Each genome was analysed by a Python script trawling through the sequences to identify locations of single nucleotide repeats longer than six bases. Sequences of 120nt centred on the located HPTs were extracted and stored in a multi-fasta file. The resulting file was processed to remove redundancy, using blastn40. The remaining unique HPT candidates were blasted against all included strains and best hit from each candidate were aligned using muscle41 for manual evaluation. Candidates affected by sequencing error or poor sequencing quality at the end of contigs were eliminated according to manual inspection. The manual evaluation reduced the number of HPTs from 86 to 54. For an overview of the sequence difference between strains across the 54 HPT sites see supplementary table S7.

Sybil database

The strains sequenced for this study where annotated in the CloVR42 annotation pipeline. The NCBI Genbank annotation was used for the remaining strains. The storage and processing power was provided by the DIAG cloud computing facility (http://diagcomputing.org/).

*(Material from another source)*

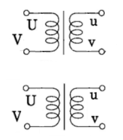 1차측 권선은 분로권선으로, 1차측과 2차측이 병렬로 연결되고 1차와 2차가 공통으로 사용하는 권선이다. 따라서 단권변압기는 2차측의 한 단자를 1차측 분로권선에 연결하여 1차측 권선 + 2차측 권선의 합으로 전압을 승압하게 된다. 그러므로 문제의 그림에서 위쪽 변압기는 1차측 1단자 즉, 1차측 U단자를 2차측 v단자에 연결하고, 그림의 아래쪽 변압기는 1차측 V단자를 2차측 u단자에 연결한다. 그리고 1차측 변압기의 연결단자에서 2차측 중성선 단자를 인출하게 되면 3상 V결선 승압기를 결선할 수 있다.
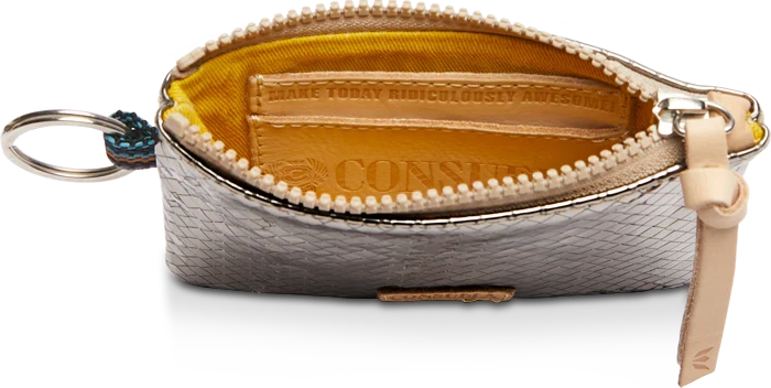 The Pouch is an easy, all-in-one bag to keep your cards and cash organized and on hand. An attached metal keyring takes the Pouch from your bag to keys with ease.

A comparative multiple alignment of all 90 genome sequences and generation of a Sybil database were conducted in a CloVR virtual machine image (“clovr-standard-2014-10-07-21-11-54_conv.img”) on the National Science Foundation funded MRI-R2 project #DBI-0959894 facility.

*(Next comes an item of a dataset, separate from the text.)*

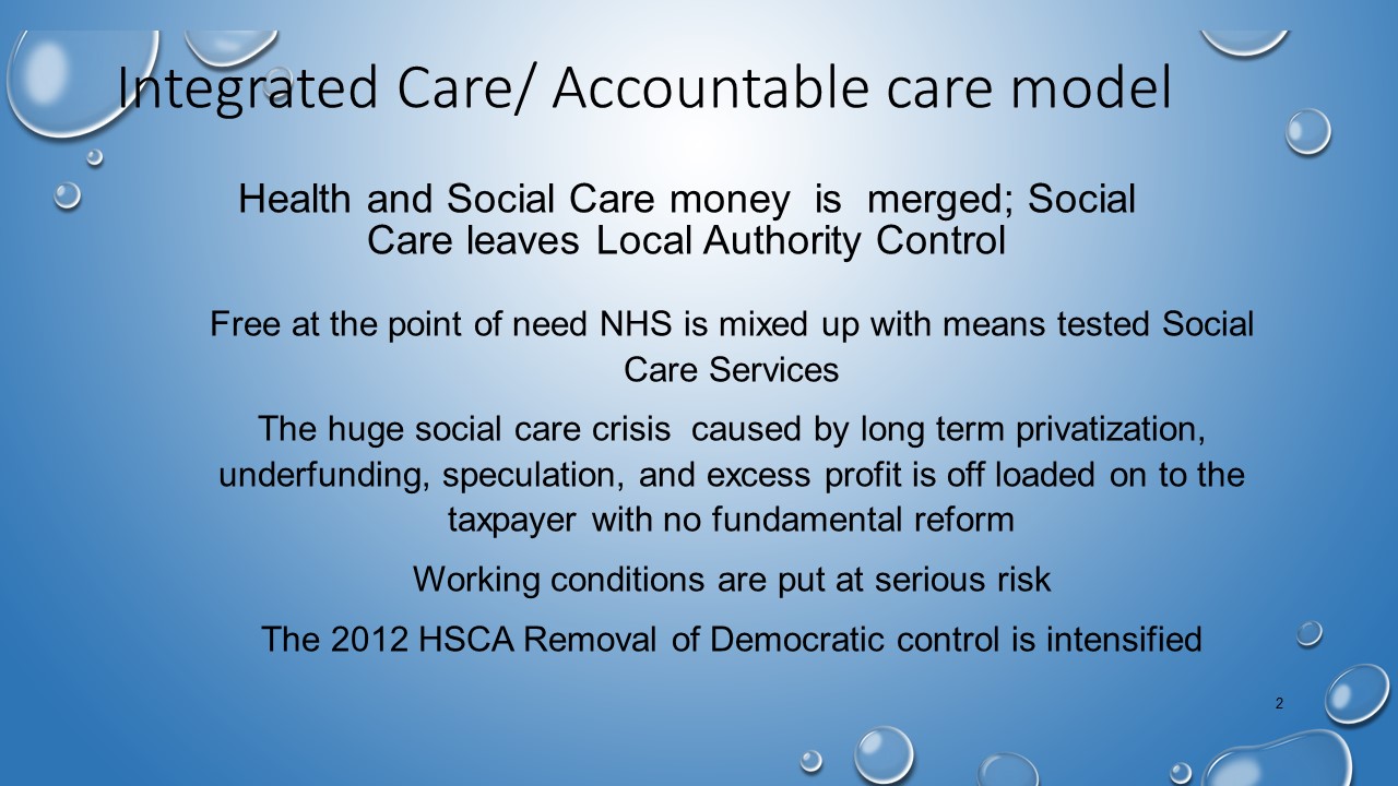 Social care is means-tested and badly funded. Staff less well paid, with less professional development than in the NHS. Social care is in deep crisis. None of the NHS changes addresses these issues. Heath and social care working well together is an admirable aim, but the Integrated Care system does not address this at all. It is an accountancy measure.

The resulting P. acnes Sybil database can be accessed and utilised at http://sybil-clovr.igs.umaryland.edu/sybil/ChristianScholz_Pacnes_sybil. For a video guide on how to use the new database see https://www.youtube.com/user/SybilScreencasts.

Visualizing data

The distribution of HPTs and indel loci was visualized using BRIG43. BRIG was also used to investigate the GC skew of the large inversion in clade II strains. The degree of synteny over the aligned genomes was visualized by the “Synteny Gradient display” option in the Sybil database running on CloVR26,42.

RNA preparation, sequencing and sequence analysis

Total RNA from P. acnes strains KPA171202 and PA_12_1_L1 grown under anaerobic conditions to the exponential and stationary growth phase in BHI medium at 37 °C was prepared with the RNA PowerSoil® Total RNA Isolation Kit (Mo-Bio, USA), following the instructions described by the manufacturer. RNA quality was controlled using the Bioanalyzer (Agilent Technologies, USA).

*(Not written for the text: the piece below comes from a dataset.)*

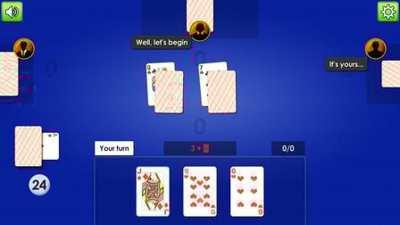 Para jugar Bura / 31 en línea, comienza reuniendo a tus amigos o uniéndote a una mesa con jugadores de todo el mundo. A cada jugador se le reparten tres cartas, y el objetivo es acercarse lo más posible a los 31 puntos. Los jugadores se turnan para robar cartas del mazo o del montón de descartes, buscando crear combinaciones poderosas de palos. Recuerda, un ‘Bura’ (tres cartas triunfantes) garantiza una victoria instantánea. Juega estratégicamente y trata de leer las intenciones de tus oponentes mientras decides cuándo revelar tus puntos. La ronda termina cuando alguien declara confiadamente su puntuación o se agotan las cartas. ¿Quién será el ganador?

The cDNA libraries were constructed by Vertis Biotechnology AG, Germany, as previously described44,45. The cDNA libraries were sequenced using a HiSeq 2000 machine (Illumina) in single-read mode and 100 cycles. Detailed descriptions of procedures used for quality control, read mapping, expression graph construction and normalization of expression graphs have been published previously45. For graph visualization the Integrative Genome Browser (IGB version 8.1.14) was used46.

Additional Information

Accession codes: The six genomes are available at the P. acnes Sybil database and at GenBank by accession numbers CP012350, CP012351, CP012352, CP012353, CP012354, CP012355 and CP012356.

How to cite this article: Scholz, C. F. P. et al. Genome stability of Propionibacterium acnes: a comprehensive study of indels and homopolymeric tracts.. Sci. Rep. 6, 20662; doi: 10.1038/srep20662 (2016).